**EXERCISE OBJECTIVE**
A picture-free, exact reproduction of the listing that follows is required.

**RECORDED INFORMATION**
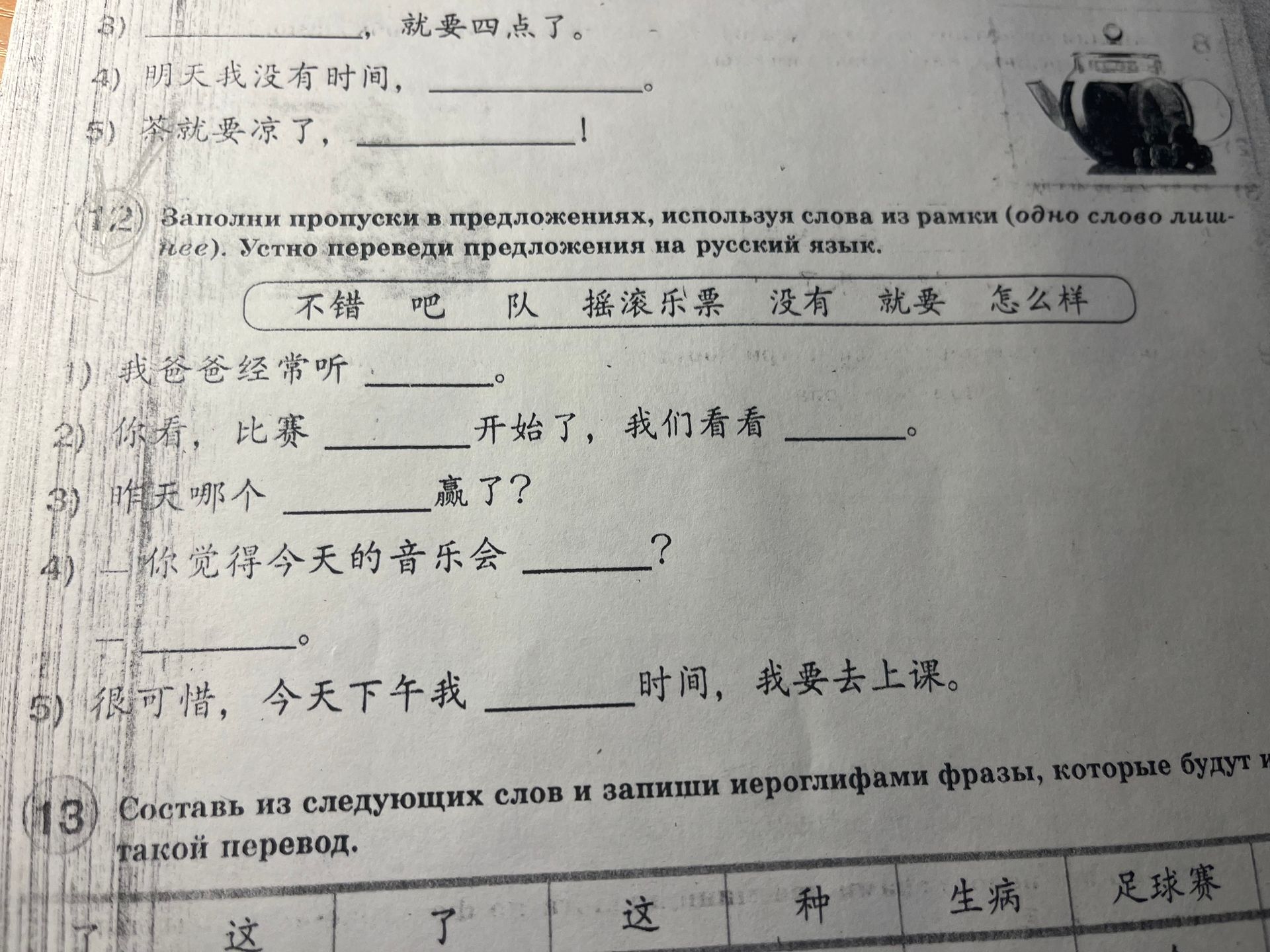5) Я выполняю задание по русскому языку. Необходимо заполнить пропуск в предложении, используя слова из рамки. Подходит слово «没有».
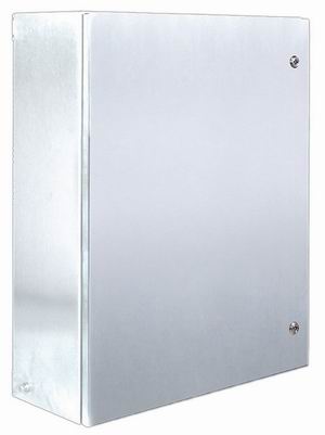 材料: SUS304 (其它材料型号可选) 表面处理: 拉丝,安装板则为镀锌 防护等级: IP56(按GB4205-1993) 标准配置: 门板、箱体、密封条、接地套 件、安装板、门锁 钢板厚度: 箱体: 1.5mm(可选2.0mm) 门板: 2.0mm 安装板: 2.5mm |
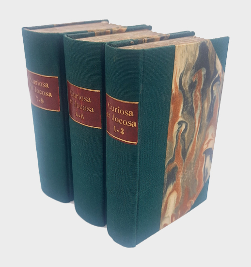 Curiosa et Jocosa, antiquaria et nova. Band 1 bis 9 (9 Ausgaben in 3 Bdn., so komplett). Verlag von J. Scheible, Stuttgart 1856-1857. 12°. Bd. 1-3: 144, 16; 80, 16; 144 S.; Bd. 4-6: 160, 10 teilkol. Kupfer; 208; 128 S.; Bd. 7-9: 128; 208; 128 S. Priv. Halbleinenbände mit goldgepr. Rückenschild.
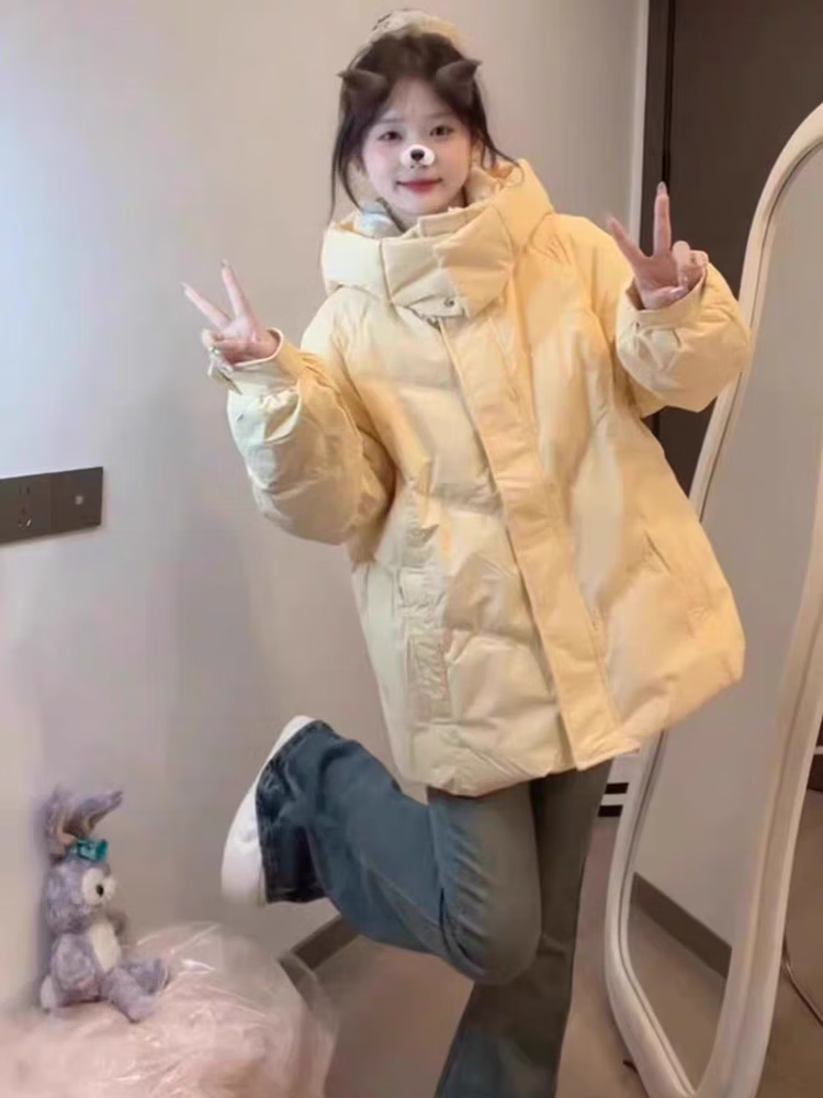 Purple Meng Down Jacket Women 2024 New Short Style Student Small Clothes Cotton Jacket Winter Down Jacket Women Korean Version Thickened Yellow One Size (Can Remark Number)

**RESPONSE BOX**
5) Я выполняю задание по русскому языку. Необходимо заполнить пропуск в предложении, используя слова из рамки. Подходит слово «没有».
 材料: SUS304 (其它材料型号可选) 表面处理: 拉丝,安装板则为镀锌 防护等级: IP56(按GB4205-1993) 标准配置: 门板、箱体、密封条、接地套 件、安装板、门锁 钢板厚度: 箱体: 1.5mm(可选2.0mm) 门板: 2.0mm 安装板: 2.5mm |
 Curiosa et Jocosa, antiquaria et nova. Band 1 bis 9 (9 Ausgaben in 3 Bdn., so komplett). Verlag von J. Scheible, Stuttgart 1856-1857. 12°. Bd. 1-3: 144, 16; 80, 16; 144 S.; Bd. 4-6: 160, 10 teilkol. Kupfer; 208; 128 S.; Bd. 7-9: 128; 208; 128 S. Priv. Halbleinenbände mit goldgepr. Rückenschild.
 Purple Meng Down Jacket Women 2024 New Short Style Student Small Clothes Cotton Jacket Winter Down Jacket Women Korean Version Thickened Yellow One Size (Can Remark Number)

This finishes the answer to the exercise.